Department of Statistics, Colorado State University, 102 Statistics Building, Fort Collins, 80523, Colorado, USA.
Department of Biostatistics and Informatics, Colorado School of Public Health, Aurora, Colorado, USA.
BMC Med Res Methodol. 2024 Feb 8;24(1):30. doi: 10.1186/s12874-023-02139-5.
Rapidly developing tests for emerging diseases is critical for early disease monitoring. In the early stages of an epidemic, when low prevalences are expected, high specificity tests are desired to avoid numerous false positives. Selecting a cutoff to classify positive and negative test results that has the desired operating characteristics, such as specificity, is challenging for new tests because of limited validation data with known disease status. While there is ample statistical literature on estimating quantiles of a distribution, there is limited evidence on estimating extreme quantiles from limited validation data and the resulting test characteristics in the disease testing context.
We propose using extreme value theory to select a cutoff with predetermined specificity by fitting a Pareto distribution to the upper tail of the negative controls. We compared this method to five previously proposed cutoff selection methods in a data analysis and simulation study. We analyzed COVID-19 enzyme linked immunosorbent assay antibody test results from long-term care facilities and skilled nursing staff in Colorado between May and December of 2020.
We found the extreme value approach had minimal bias when targeting a specificity of 0.995. Using the empirical quantile of the negative controls performed well when targeting a specificity of 0.95. The higher target specificity is preferred for overall test accuracy when prevalence is low, whereas the lower target specificity is preferred when prevalence is higher and resulted in less variable prevalence estimation.

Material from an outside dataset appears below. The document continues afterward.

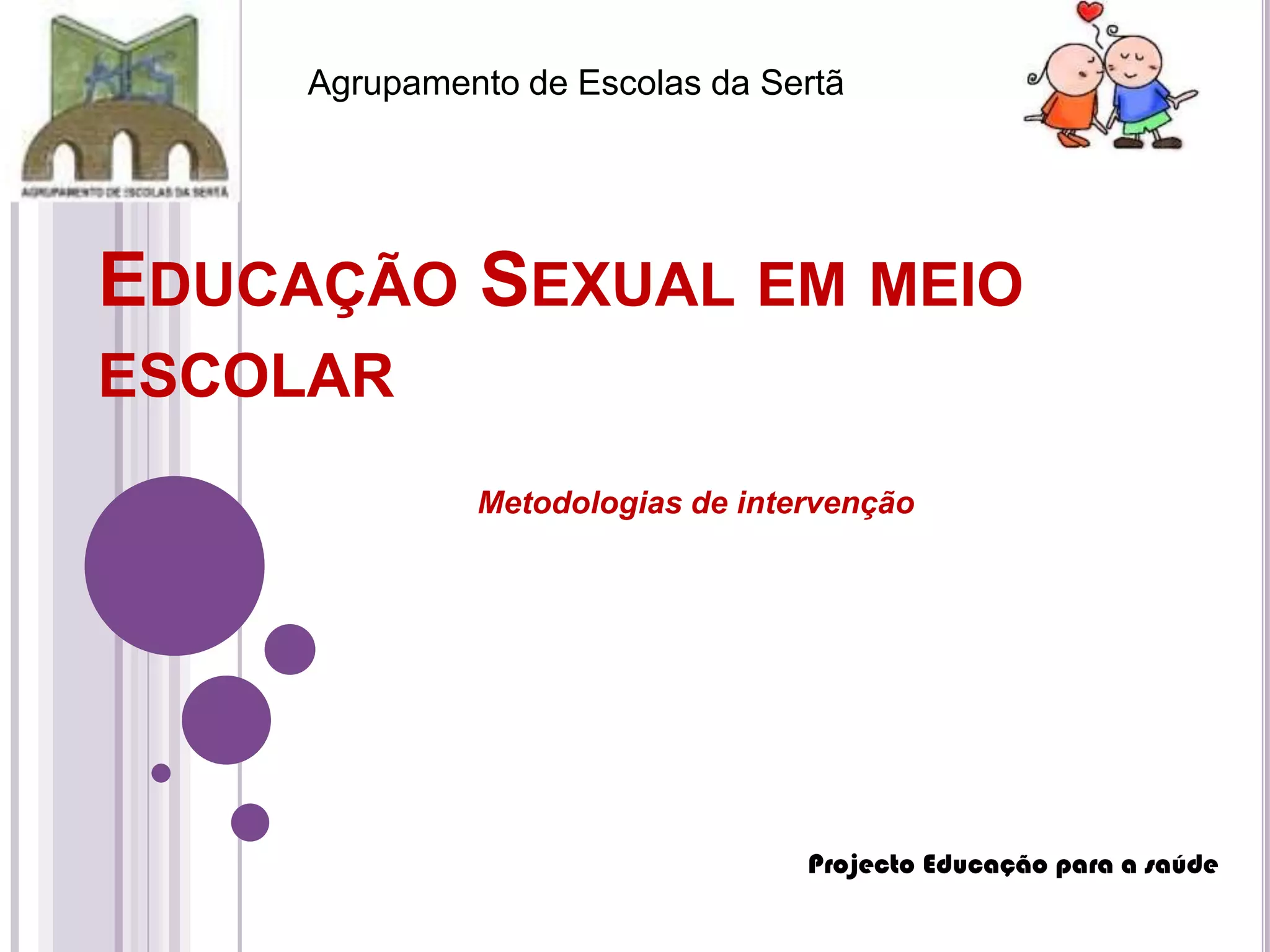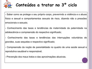 Este documento discute a educação sexual em escolas portuguesas. Ele define sexualidade segundo a OMS, destaca a legislação relevante e a carga horária de 12 horas dedicada a educação sexual no 3o ciclo. As escolas devem elaborar projetos curriculares de turma para educação sexual de acordo com as normas, e todos têm direito a educação e informação sobre sua vida sexual e reprodutiva.

While commonly used, the normal based methods showed considerable bias compared to the empirical and extreme value theory-based methods.
When determining disease testing cutoffs from small training data samples, we recommend using the extreme value based-methods when targeting a high specificity and the empirical quantile when targeting a lower specificity.
快速开发新兴疾病检测方法对于早期疾病监测至关重要。在疫情早期,预期流行率较低时,需要高特异性检测方法以避免大量假阳性。对于新的检测方法,由于具有已知疾病状态的验证数据有限,因此选择具有所需工作特性(如特异性)的分类阳性和阴性检测结果的截止值具有挑战性。虽然有大量关于估计分布分位数的统计文献,但在疾病检测背景下,从有限的验证数据和由此产生的测试特征中估计极值分位数的证据有限。
我们建议使用极值理论通过将帕累托分布拟合到阴性对照的上尾来选择具有预定特异性的截止值。我们在数据分析和模拟研究中比较了这种方法与五种以前提出的截止值选择方法。我们分析了 2020 年 5 月至 12 月科罗拉多州长期护理机构和熟练护理人员的 COVID-19 酶联免疫吸附测定抗体检测结果。
我们发现当目标特异性为 0.995 时,极值方法的偏差最小。当目标特异性为 0.95 时,使用阴性对照的经验分位数效果很好。当流行率较低时,较高的目标特异性更有利于总体测试准确性,而当流行率较高时,较低的目标特异性更有利于降低流行率估计的可变性。
虽然常用,但与基于经验和极值理论的方法相比,基于正态的方法存在相当大的偏差。
当从小的训练数据样本确定疾病检测截止值时,我们建议在目标特异性较高时使用基于极值的方法,在目标特异性较低时使用经验分位数。